Therefore, we have developed a new software tool (SynPlot), which is based on a global alignment and has several novel features. First, the nature and positions of features, such as exons, repeat elements, or CpG islands, can be shown for both sequences, thereby indicating the position of homology peaks relative to the gene structure of both loci. Second, SynPlot allows large-scale sequence alignments of multiple (i.e., >2) sequences to be presented in a single graphical display. Third, the strategy used by SynPlot to transform the coordinates of sequence features to their new positions in the global alignment can be incorporated into future sequence analysis applications. These coordinates are read into SynPlot from a file in General Feature Format or GFF (see http://www.sanger.ac.uk/Software/formats/GFF/), which will facilitate the display of sequence features from other analysis programs and databases (e.g., the ENSEMBL project; see http://www.ensembl.org/).

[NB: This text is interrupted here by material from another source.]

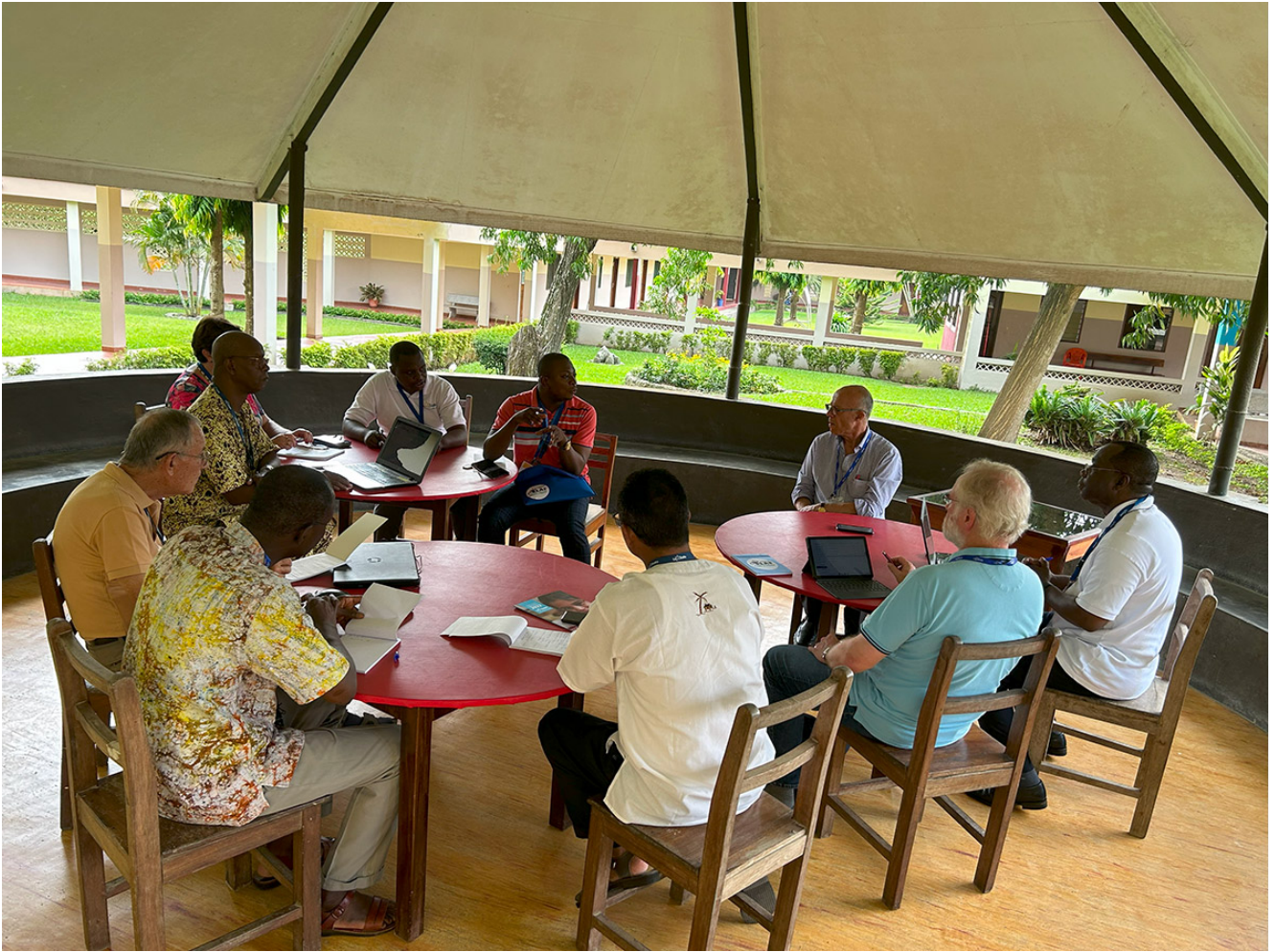
Loading the next set of gallery items... Cargar más

The Dialign algorithm (Morgenstern et al. 1998) used in this manuscript does not employ gap penalties, but instead collects small gap-free alignments, which are weighted depending on their percent identity and length. The global alignment is constructed by assembling these local alignments in an optimized colinear configuration. Whereas this approach overcomes many problems of generating global alignments, its utility is restricted to colinear loci. Importantly, however, SynPlot and PIPMaker produce similar results on such loci when used for the identification of conserved noncoding sequences (unpubl.) even though they are based on very different principles.
When performing comparative analysis, it is our practice to start by assessing collinearity, e.g., by dotter analysis (Sonnhammer and Durbin 1995). “Working draft” sequence is noncontiguous, and therefore not suitable for long-range global alignments. Consequently, in the absence of colinearity and for working draft sequence, PIPs remain the preferred approach. However, if colinearity is shown, SynPlot analysis is performed to take advantage of its ability to present the position of homology peaks relative to other features in all of the loci being compared, together with its ability to display comparisons between multiple sequences.
Comparative Analysis of Evolutionarily Active Loci
To date, long-range human/mouse comparative sequence analyses have focused on loci conserved during mammalian evolution. The SCL locus on human chromosome 1 is part of a long region of synteny with mouse chromosome 4. However, our results show that, within this long region, the CYP4 loci have evolved substantially because the divergence of man and mouse and are not colinear. The cytochrome P450 monooxygenases (CYPs) are a large and ancient superfamily of proteins, often involved in the metabolism of hormones or foreign compounds such as toxins or drugs. Therefore, the acquisition of different sets of CYP genes may partially explain the different sensitivity of humans and mice to drugs and carcinogens.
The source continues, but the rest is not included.